Inquiry ongoing after truck drives into immigration protest

In this still image from video provided by WLNE-TV, protesters blocking an entrance to the Donald W. Wyatt Detention Facility begin to move as a pickup truck approaches, Wednesday night, Aug. 14, 2019, in Central Falls, R.I. The group, which was protesting federal immigration policies, said at least two people were injured.

PROVIDENCE — The criminal investigation into the prison guard who apparently drove his truck through a group protesting federal immigration policies should be finished in the coming weeks, Rhode Island's attorney general said Wednesday.

Peter Neronha, a Democrat, said during a press conference at his office that investigators are moving quickly to discern what happened outside the Donald W. Wyatt Detention Facility in Central Falls last week.

They're focused on the operation of the truck and the deployment of pepper spray by other prison personnel, Neronha said. He wouldn't say how many people are under investigation or what charges they could face.

Investigators from Neronha's office, the Rhode Island State Police and the Central Falls Police Department reviewed accounts by 31 witnesses and have at least 20 more to go. They continue to review video footage of the incident.

An officer at a detention center, Capt. Thomas Woodworth, resigned Friday amid the criminal and internal investigations. Officials at the center have not explicitly said whether Woodworth, 53, a resident of Pawcatuck, was driving the truck, but protesters identified him as the driver by the name on his uniform and posted photos on social media. Woodworth, who asked the Stonington police to watch his house, formerly was a guard at the Corrigan-Radgowski Correctional Center in Uncasville.

The internal review is also ongoing, a Wyatt spokesman said Wednesday.

Jim Pasco, executive director of the National Fraternal Order of Police, told The Associated Press Wednesday that while he's not familiar with the specifics of the incident, he wanted to remind all interested parties that police officers are entitled to the same presumption of innocence and same due process rights as any other citizen. The group represents Wyatt officers.

"Let's make sure that our opinions are informed by the facts, which are yet to be determined," Pasco said in an email.

The Boston office of the U.S. Immigration and Customs Enforcement agency started holding detainees at Wyatt again in March, a decade after a man's death there ended the practice.

In 2008, 34-year-old Hiu Lui "Jason" Ng Eng died of advanced liver cancer while held there. When the agency ended its contract with Wyatt in 2009, it said an internal investigation found a lack of communication about Ng's health care needs.
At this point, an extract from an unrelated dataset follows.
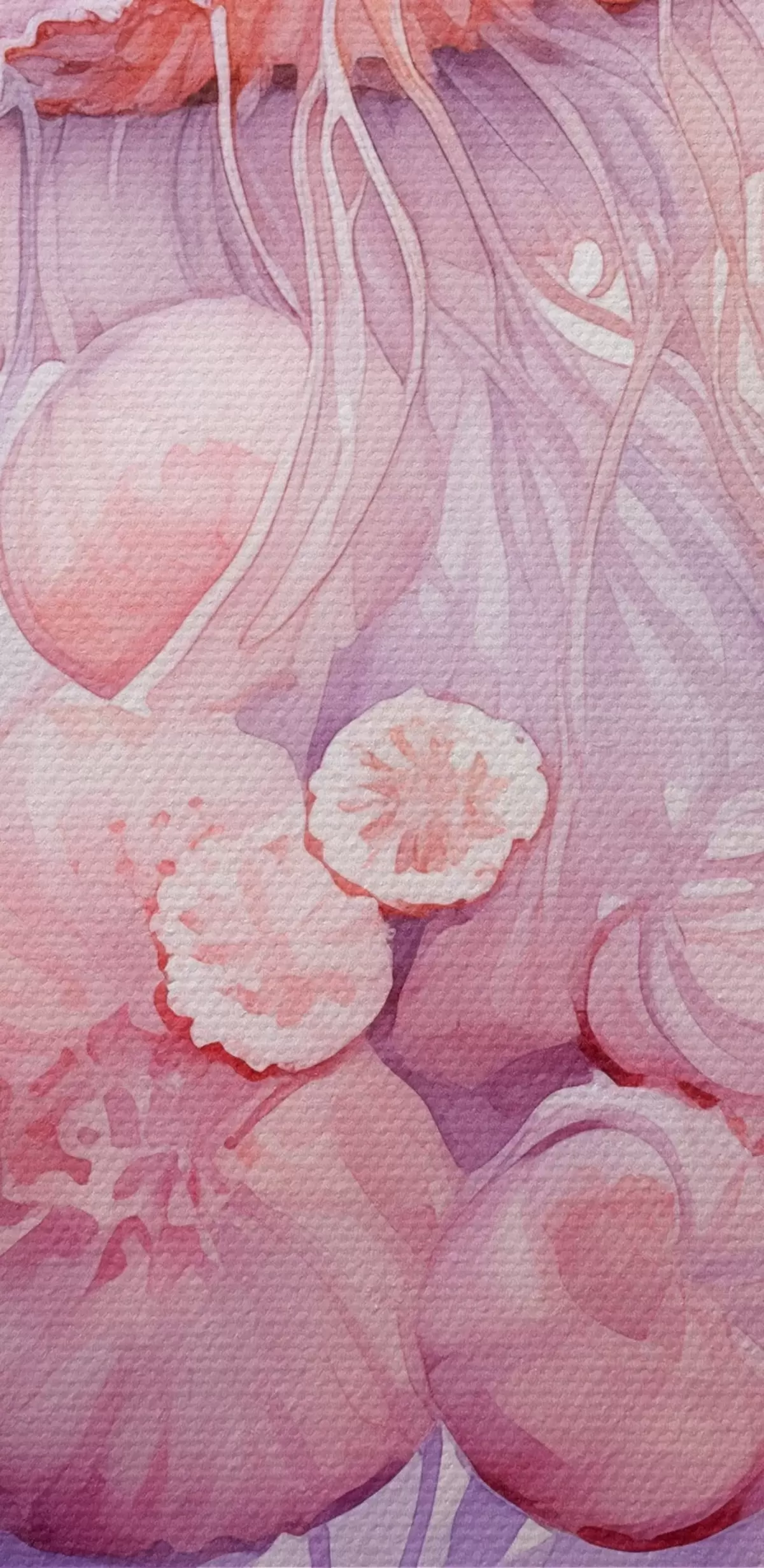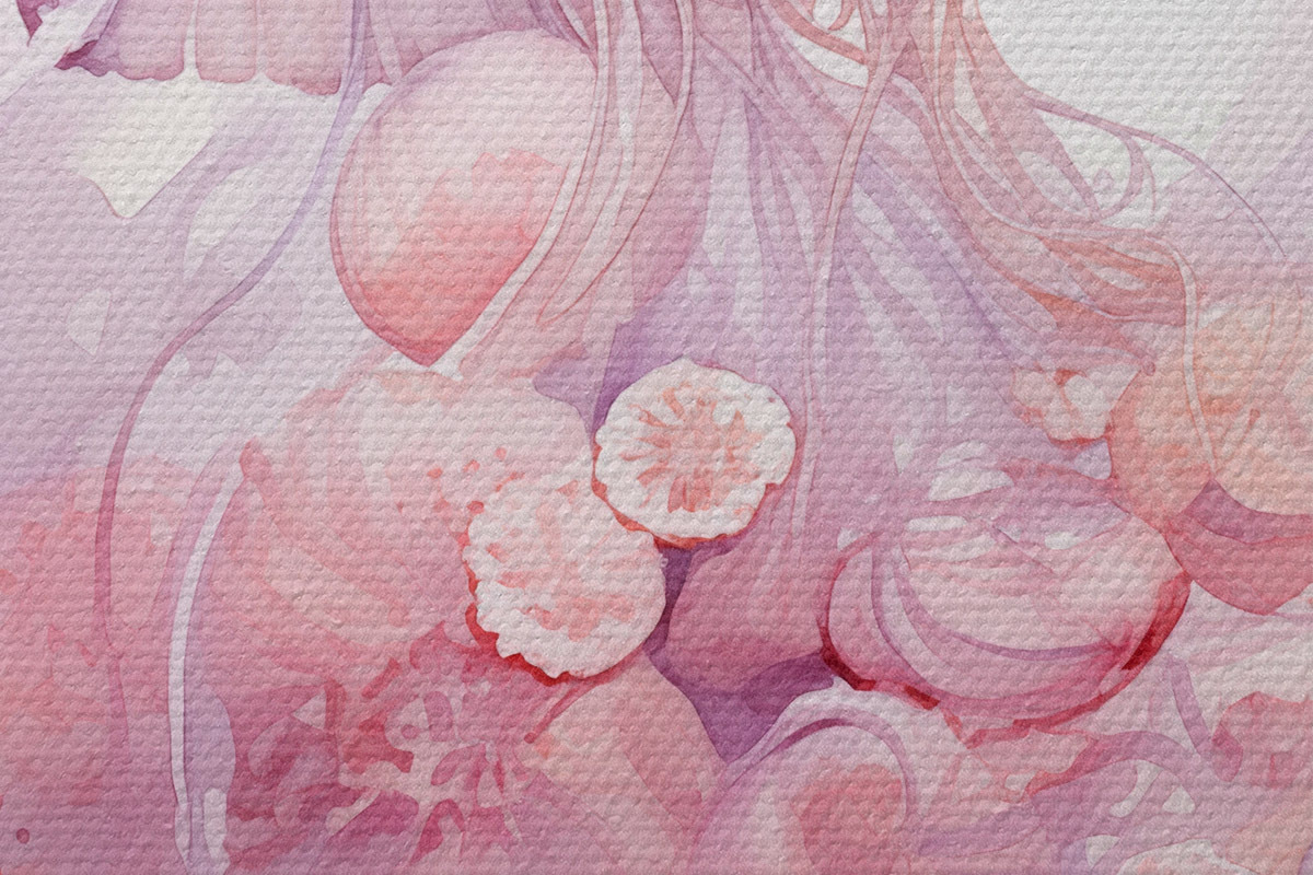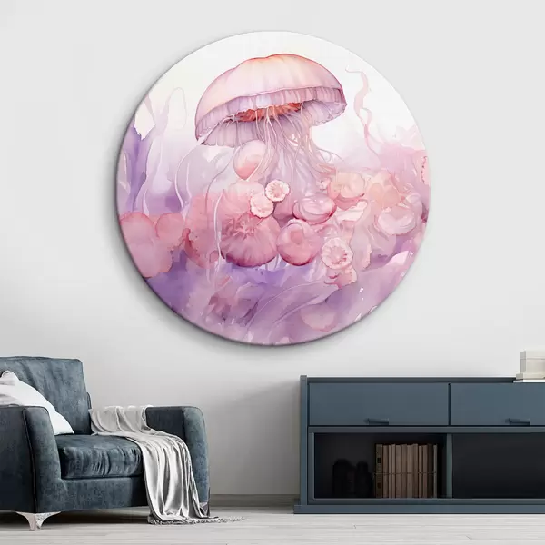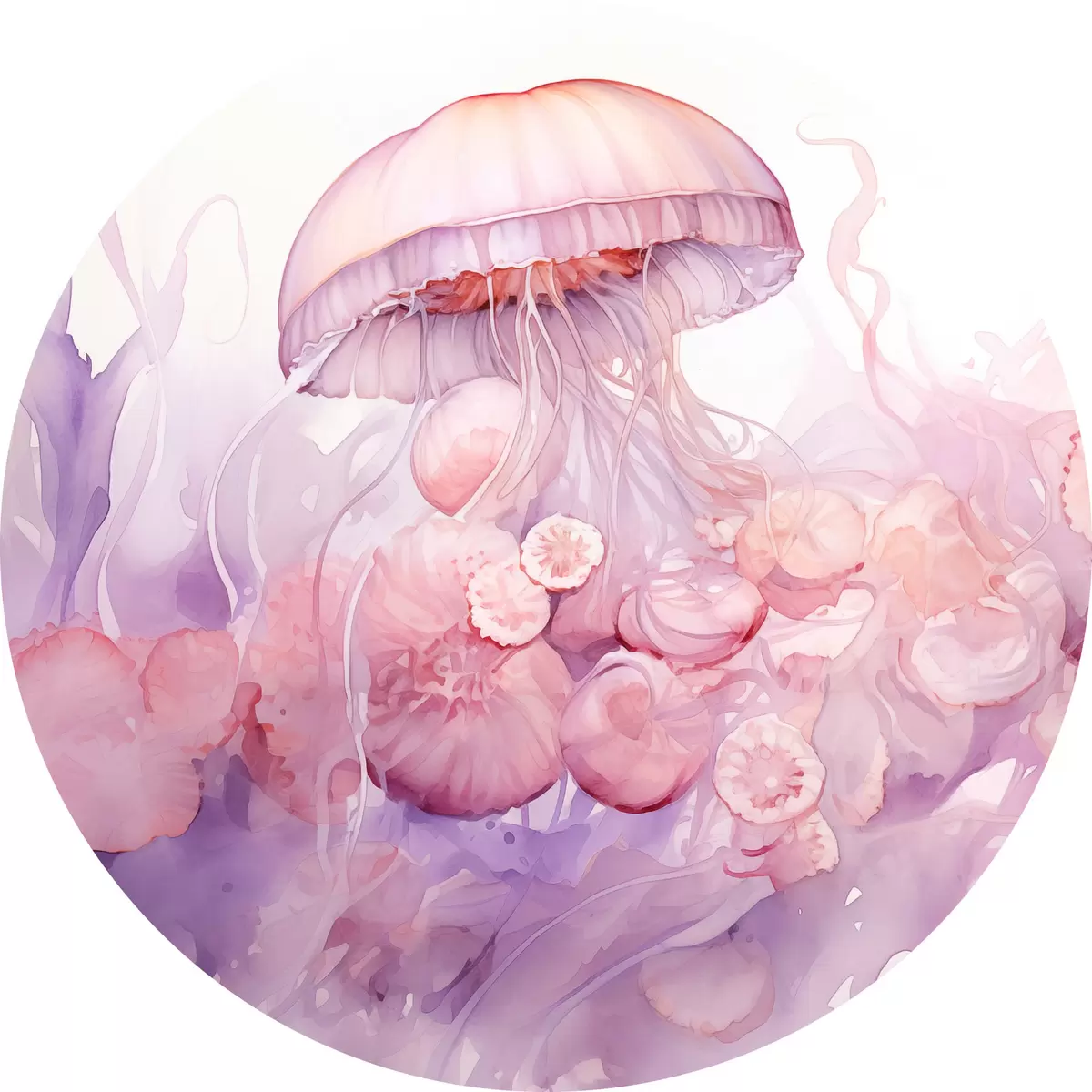 Nuotrauka Rausvos medūzos, plaukiojančios švelnių rausvų ir violetinių atspalvių sūkuryje, apsuptos abstrakčių formų Nr r42730

About 140 detainees are held there currently, according to Wyatt.

The Jewish youth movement Never Again Action organized last week's protest. They said at least two people were injured, one seriously, after the pickup truck drove up to an entrance blocked by demonstrators. Three other demonstrators were treated after inhaling pepper spray. Video posted by the group showed the vehicle stopping before again moving forward.

Neronha said it's his understanding that less than half a dozen people were injured.

Activists held a press conference at the Rhode Island Statehouse on Tuesday to call for the detention facility, a quasi-public institution, to be shut down. Central Falls Mayor James Diossa also said recently that it should be shut down.

Neronha said he recognizes the unusually high degree of public interest in the case and emphasized the importance of getting it right. He asked anyone with information, particularly video footage, to contact his office and police.